Angles can be measured in degrees or radians. Degrees are familiar from everyday use, with a full circle measuring 360°. Radians are preferred in calculus and advanced mathematics because they lead to simpler formulas.

Degree-Radian Conversion

180^{\circ} = \pi \text{ radians}

1^{\circ} = \frac{\pi}{180} \text{ radians}

1 \text{ radian} = \frac{180^{\circ}}{\pi} \approx 57.3^{\circ}

\theta_{\text{rad}} = \theta_{\text{deg}} \cdot \frac{\pi}{180}

In radians, a full circle measures

2\pi

radians (approximately 6.28). Radians represent the ratio of arc length to radius, making them a natural unit for circular motion.

Problem: Convert

45^{\circ}

to radians and

\frac{2\pi}{3}

radians to degrees.

1

For

45^{\circ}

to radians:

45^{\circ} = 45 \cdot \frac{\pi}{180} = \frac{\pi}{4} \text{ radians}

2

For

\frac{2\pi}{3}

radians to degrees:

\frac{2\pi}{3} = \frac{2\pi}{3} \cdot \frac{180^{\circ}}{\pi} = \frac{360^{\circ}}{3} = 120^{\circ}

The Unit Circle

The unit circle is a circle with radius 1 centered at the origin of the coordinate plane. It's a fundamental tool for understanding trigonometric functions.

For any angle

\theta

, we can define:

•

\cos\theta

= x-coordinate of the point on the unit circle at angle

\theta

•

\sin\theta

= y-coordinate of the point on the unit circle at angle

\theta

•

\tan\theta = \frac{\sin\theta}{\cos\theta}

= slope of the line from origin to the point on the unit circle

Special Angles on the Unit Circle

Angle (degrees)	Angle (radians)	$\cos\theta$	$\sin\theta$	$\tan\theta$
$0^{\circ}$	$0$	$1$	$0$	$0$
$30^{\circ}$	$\frac{\pi}{6}$	$\frac{\sqrt{3}}{2}$	$\frac{1}{2}$	$\frac{1}{\sqrt{3}}$
$45^{\circ}$	$\frac{\pi}{4}$	$\frac{\sqrt{2}}{2}$	$\frac{\sqrt{2}}{2}$	$1$
$60^{\circ}$	$\frac{\pi}{3}$	$\frac{1}{2}$	$\frac{\sqrt{3}}{2}$	$\sqrt{3}$
$90^{\circ}$	$\frac{\pi}{2}$	$0$	$1$	$\text{undefined}$
$180^{\circ}$	$\pi$	$-1$	$0$	$0$
$270^{\circ}$	$\frac{3\pi}{2}$	$0$	$-1$	$\text{undefined}$
$360^{\circ}$	$2\pi$	$1$	$0$	$0$

The Six Trigonometric Functions

While sine and cosine are the most fundamental trigonometric functions, there are six trigonometric functions in total. Each has its own properties and uses.

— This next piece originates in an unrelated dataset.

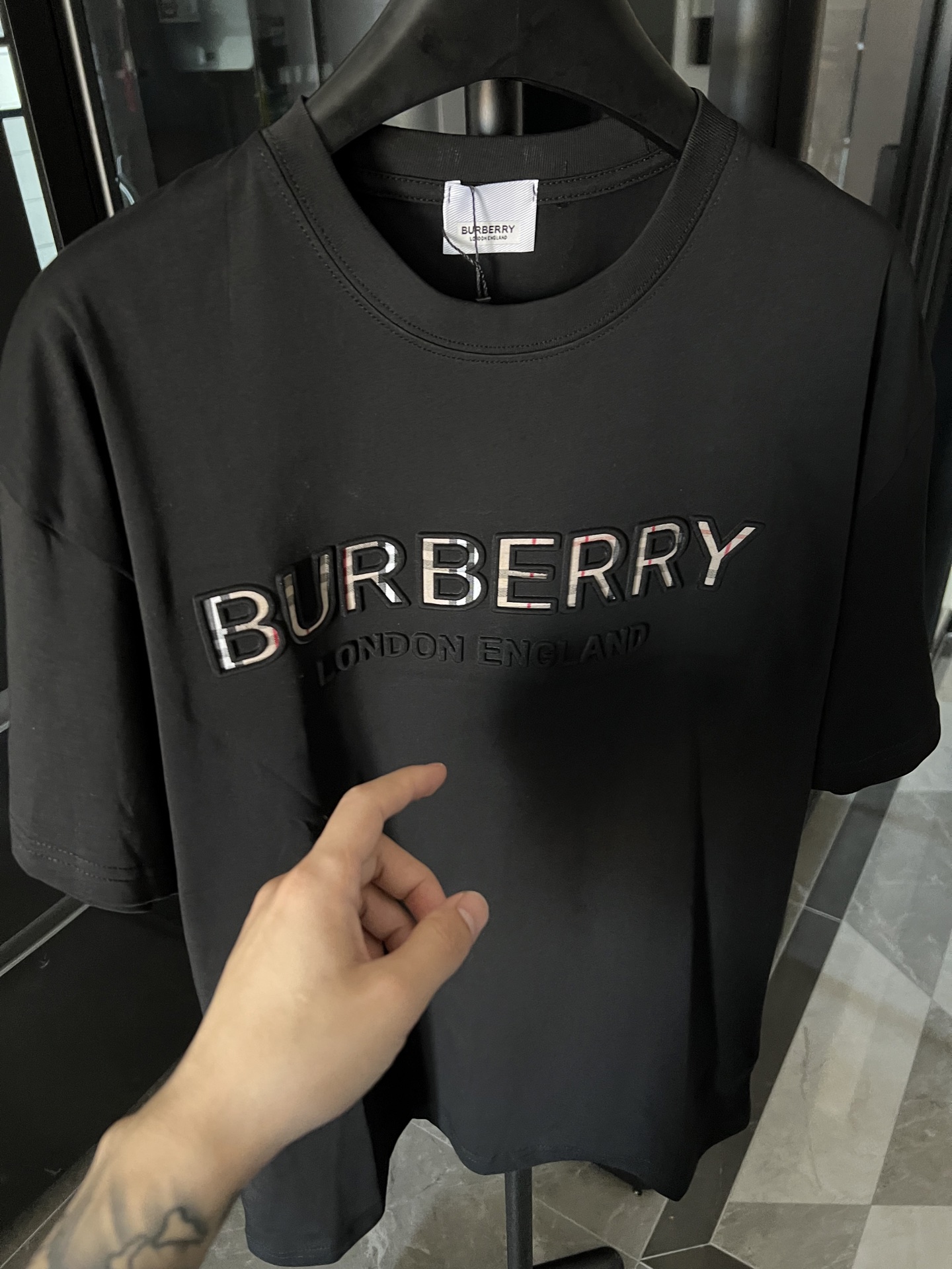 这款衣服是AAAAA 1:1 质量 (非常棒). 使用了和原版一模一样的材料. 商标部分也保持了和巴宝莉/Burberry一样. 图片拍摄是实物衣服拍摄, 您所收到的实物保证和我们图片一模一样.
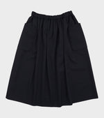 Navy nederdel i uld Comme des Garcons Girl. Nederdelen har to lommer på fronten samt elastik og et indvendigt bindebånd i livet.

Definitions of Trigonometric Functions

\sin\theta = \frac{\text{opposite}}{\text{hypotenuse}}

\cos\theta = \frac{\text{adjacent}}{\text{hypotenuse}}

\tan\theta = \frac{\sin\theta}{\cos\theta} = \frac{\text{opposite}}{\text{adjacent}}

\cot\theta = \frac{\cos\theta}{\sin\theta} = \frac{\text{adjacent}}{\text{opposite}}

\sec\theta = \frac{1}{\cos\theta} = \frac{\text{hypotenuse}}{\text{adjacent}}

\csc\theta = \frac{1}{\sin\theta} = \frac{\text{hypotenuse}}{\text{opposite}}

The domains of these functions are restricted by their definitions:

•

\sin\theta

and

\cos\theta

are defined for all real values of

\theta

.

•

\tan\theta

and

\sec\theta

are undefined when

\cos\theta = 0

, which occurs at

\theta = \frac{\pi}{2} + n\pi

where

n

is an integer.

•

\cot\theta

and

\csc\theta

are undefined when

\sin\theta = 0

, which occurs at

\theta = n\pi

where

n

is an integer.

Graphs of Trigonometric Functions

Trigonometric functions are periodic, meaning their values repeat after a certain interval.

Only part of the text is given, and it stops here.